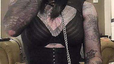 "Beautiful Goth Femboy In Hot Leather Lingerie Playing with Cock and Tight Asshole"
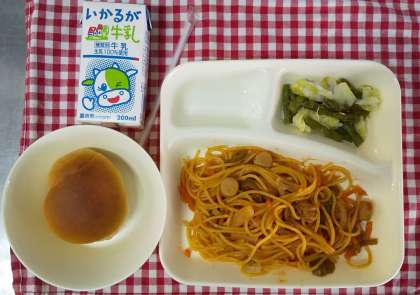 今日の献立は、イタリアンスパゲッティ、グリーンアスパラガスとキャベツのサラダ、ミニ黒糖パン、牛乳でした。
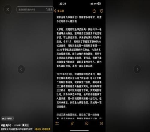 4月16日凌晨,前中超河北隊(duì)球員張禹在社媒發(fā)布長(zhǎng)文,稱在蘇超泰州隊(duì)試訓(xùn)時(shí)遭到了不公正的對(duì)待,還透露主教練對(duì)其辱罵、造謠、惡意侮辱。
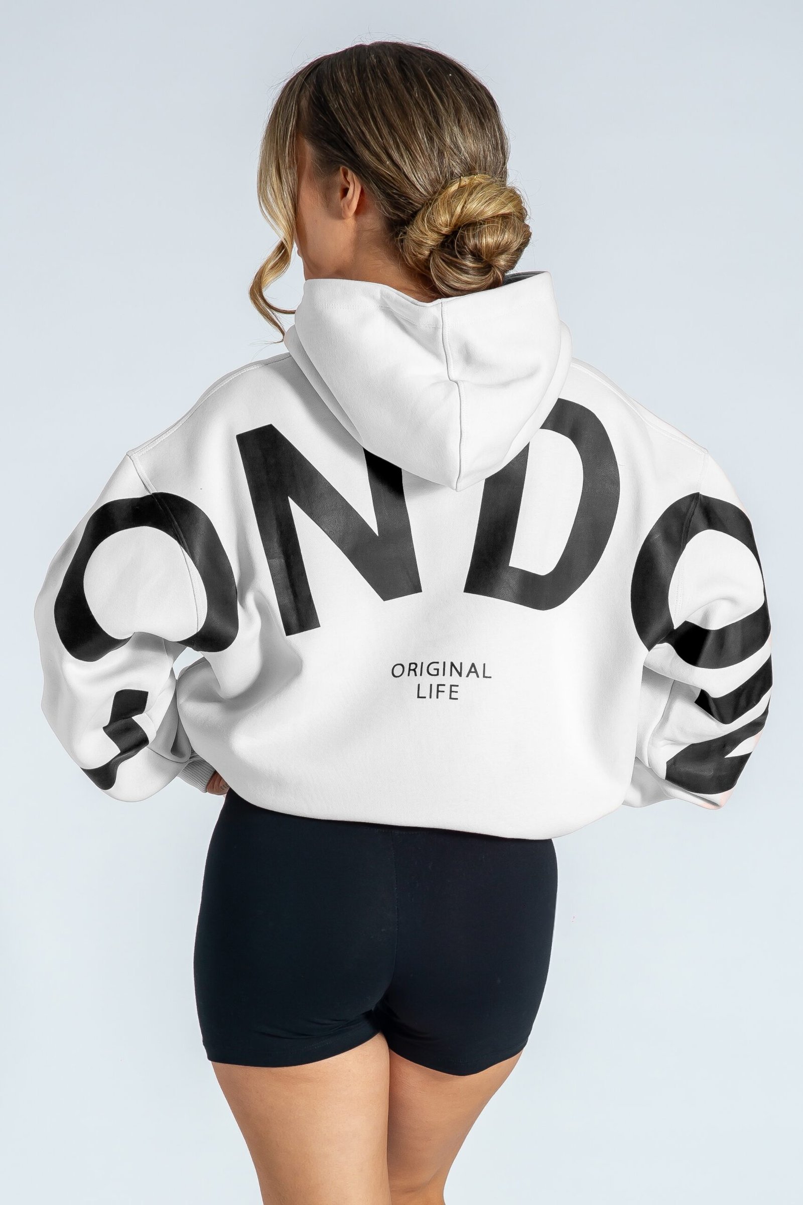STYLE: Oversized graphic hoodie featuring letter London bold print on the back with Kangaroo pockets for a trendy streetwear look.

* Exercise aim *
All of the listing above has to be reproduced exactly, though without its images.

* Exercise result *
 "Beautiful Goth Femboy In Hot Leather Lingerie Playing with Cock and Tight Asshole"
 今日の献立は、イタリアンスパゲッティ、グリーンアスパラガスとキャベツのサラダ、ミニ黒糖パン、牛乳でした。
 4月16日凌晨,前中超河北隊(duì)球員張禹在社媒發(fā)布長(zhǎng)文,稱在蘇超泰州隊(duì)試訓(xùn)時(shí)遭到了不公正的對(duì)待,還透露主教練對(duì)其辱罵、造謠、惡意侮辱。
STYLE: Oversized graphic hoodie featuring letter London bold print on the back with Kangaroo pockets for a trendy streetwear look.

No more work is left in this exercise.